How to Stop Claude Code From Slowing Your Local LLM by 90%

TL;DR: Claude Code prepends an attribution header that changes on every request, which invalidates the KV cache on your local inference server and drops throughput by 90 percent. The fix is a single env var in ~/.claude/settings.json: "CLAUDECODEATTRIBUTION_HEADER": "0". Setting it in the shell does nothing. Settings file only.

I plugged Claude Code into a local Qwen2.5-Coder 14B server last week and watched simple follow-up prompts that should have taken two seconds take thirty. The model was not slow. The machine was not thrashing.

llama.cpp logs showed the KV cache getting thrown out on every single turn. Claude Code was silently breaking the one thing that makes local inference fast.

This post is the tutorial I wish I had last Tuesday. It explains what the attribution header does, why shell exports do not fix it, and the one line of JSON that restores normal performance.

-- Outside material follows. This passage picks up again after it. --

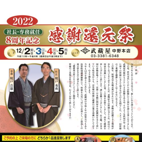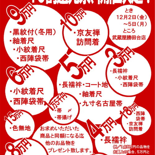 【千葉 勝田台店】「歳末吉例 ファイナルセール」12/2~5 同時開催「草履お直...

If you run Claude Code against Ollama, llama.cpp, LM Studio, or vLLM on your own hardware, this is the gotcha that is eating your tokens per second.

What the Attribution Header Really Does

Claude Code prepends a per-request attribution header to every message body, and because the header content shifts between calls, your inference server sees a different prompt prefix every turn and throws away the KV cache.

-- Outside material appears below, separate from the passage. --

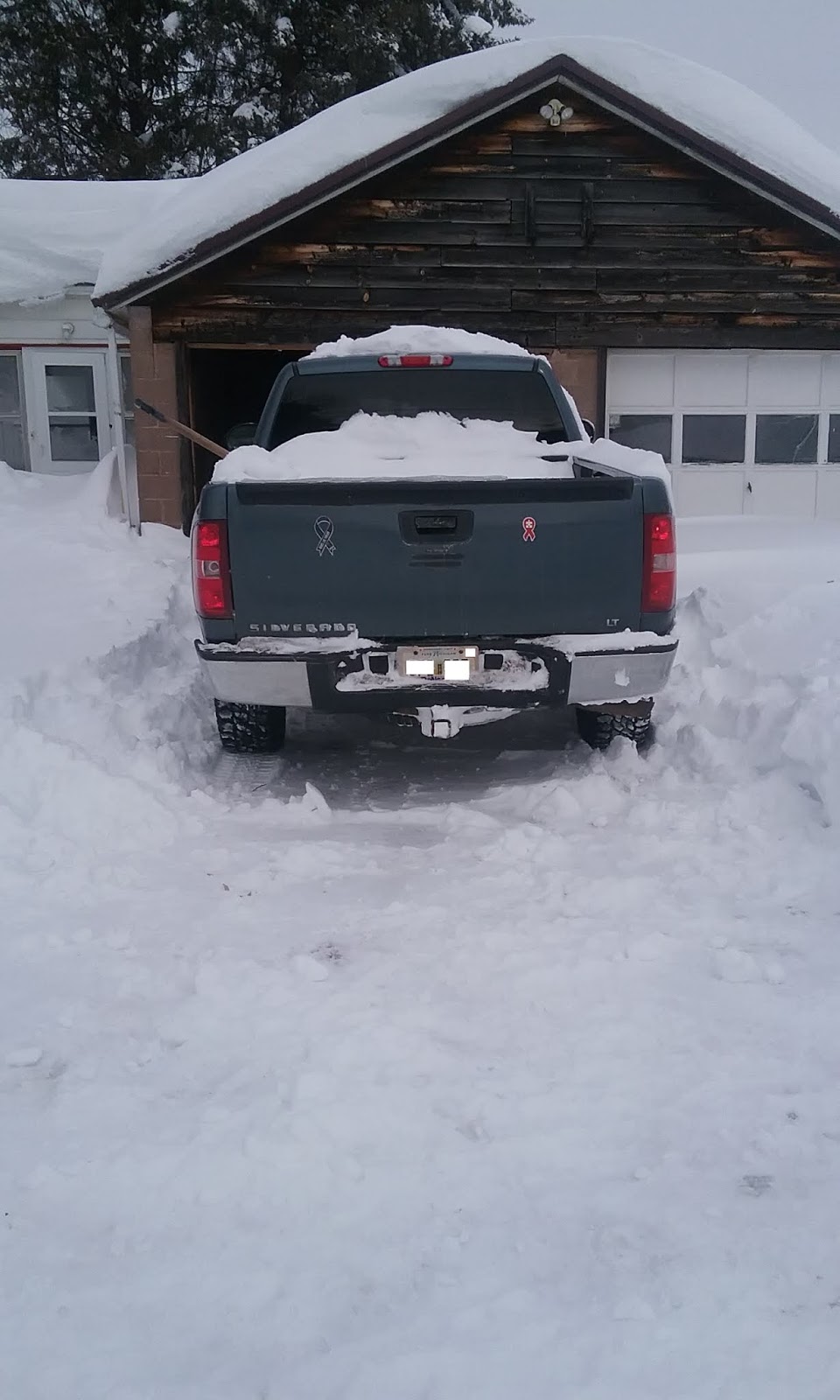 During the midst of the snow storm, Sue B went out to plow - bless her heart - and then she got stuckeded. So she called me and asked me to come pull her out of her stuckeded. I told Sue B that I had gotten plowed and couldn't make it out of the driveway, to which she replied: "JUST GUN IT!" - and that is how I got stuckeded. Took me two days to dig out.

That is the entire bug. One header, one cache miss, one 90 percent slowdown.

Attribution header invalidates KV cache each call

The KV cache is how every modern transformer-based inference server avoids redoing work. If your last turn was a 6,000 token conversation and you only appended 50 new tokens, the server should only compute attention for the 50 new tokens. That is the whole design.

Claude Code’s attribution header defeats it because the header sits at the very start of the prompt and changes on each call. From the cache’s perspective, the entire prompt is new.

The result in numbers: on a consumer GPU running Qwen2.5-Coder 14B, I saw first-token latency climb from roughly 1.8 seconds to 24 seconds for a 6k context follow-up. On llama.cpp with debug logging, the cache reuse count dropped to zero across a full 20-turn session.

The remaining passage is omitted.